Transformation / VAP Pipelines¶
Transformation pipelines, also referred to as Value-Added Product (VAP) pipelines, are tsdat pipelines that use data from several standardized input sources and combine them in ways that add value to the data.
Warning
Tsdat support for transformation pipelines is currently in an alpha phase, meaning that new features are being actively developed and APIs involved may be relatively unstable as new use cases are added and requirements are discovered. We greatly appreciate any feedback on this new capability.
Tsdat transformation pipelines are configured in almost exactly the same way as the ingestion pipelines you may already be used to. In fact, the tsdat TransformationPipeline class inherits all of its methods and attributes from the IngestPipeline class and only overrides the retriever code to ensure that input data are retrieved from the storage area.
Only the pipeline.yaml and retriever.yaml configuration files have any differences from their counterparts for a tsdat ingest. These are shown below.
Pipeline Configuration File¶
The pipeline configuration file for transformation pipelines is almost identical to its ingest pipeline counterpart. There are only two differences:
The classname should point to tsdat.TransformationPipeline, or a class derived from it.
The trigger should be empty since transformation pipelines are currently run manually.
An example transformation pipeline pipeline.yaml
file is shown below:
classname: tsdat.TransformationPipeline
triggers: {}
retriever:
path: pipelines/example_pipeline/config/retriever.yaml
dataset:
path: shared/config/dataset.yaml
quality:
path: shared/config/default-quality.yaml
storage:
path: shared/config/storage.yaml
Retriever Configuration File¶
The retriever configuration file for transformation pipelines is also similar to its ingest pipeline counterpart, but there are some notable differences, mostly pertaining to how data from various input sources should be combined. These are noted below:
The classname should point to tsdat.StorageRetriever, or a class derived from it.

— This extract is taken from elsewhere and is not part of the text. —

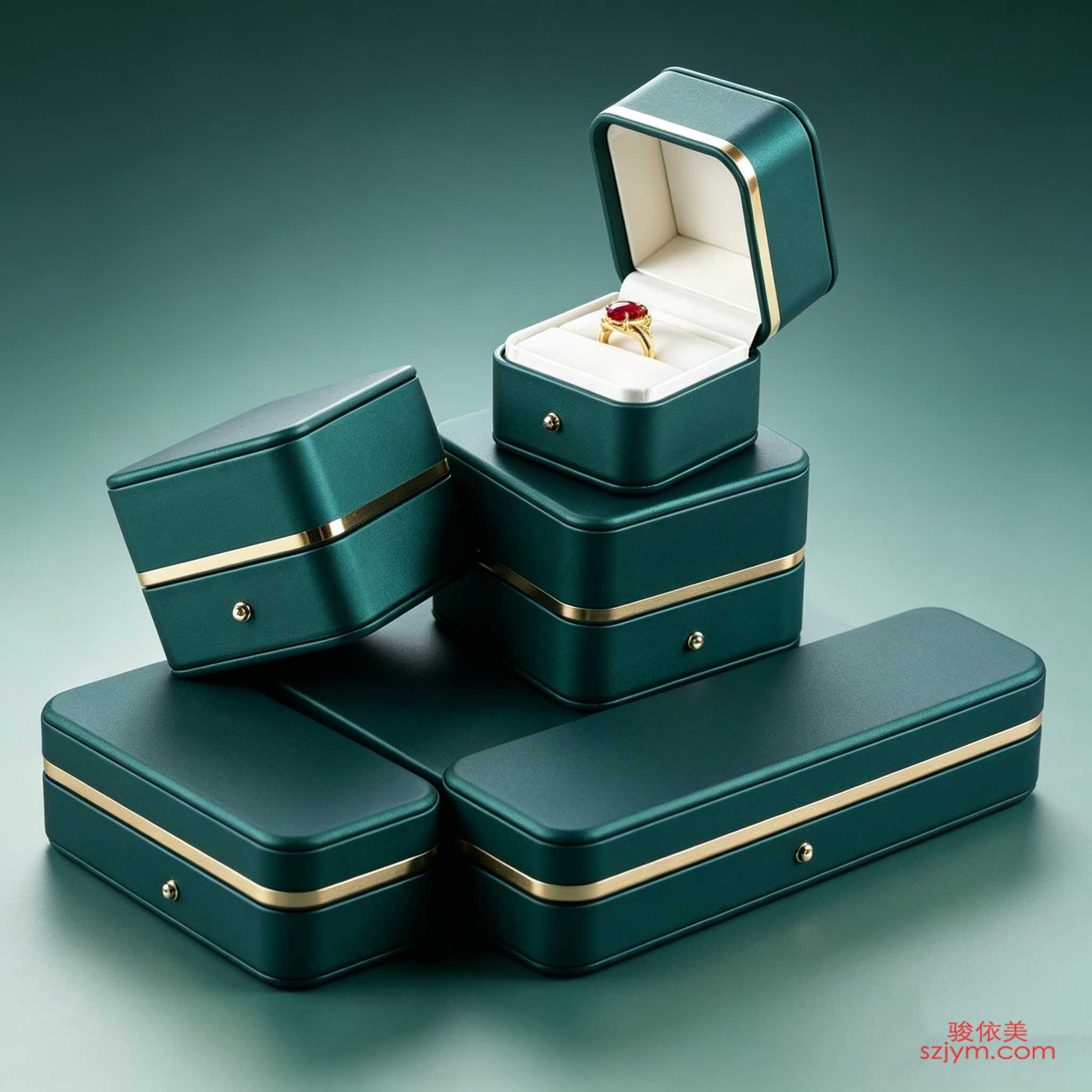 墨绿色哑光PU皮质珠宝盒系列,配24K镀金饰条与磁吸扣,内衬米白丝绒+定制凹槽,开盖即显高级感。方盒、长盒、翻盖式三款组合,专为红宝石、祖母绿等彩色宝石戒指/吊坠设计。轻奢小众品牌首选,支持烫金LOGO与内托定制

If a coord (e.g., “time”) does not have any shape-modifying data_converters, then its shape remains unchanged
If a data_var does not have any shape-modifying converters then its shape must already match the shape of any coordinates that dimension it, or the pipeline will crash.
The NearestNeighbor data converter was added to map data variables onto the correct coordinate grid.
retriever.yaml
:
classname: tsdat.StorageRetriever
coords:
time:
.*buoy_z06\.a1.*:
name: time
data_converters: []
data_vars:
temperature:
.*buoy_z07\.a1.*:
name: temp
data_converters:
- classname: tsdat.io.converters.UnitsConverter
input_units: degF
- classname: tsdat.io.converters.NearestNeighbor
coord: time
humidity:
.*buoy_z07\.a1.*:
name: rh
data_converters:
- classname: tsdat.io.converters.NearestNeighbor
coord: time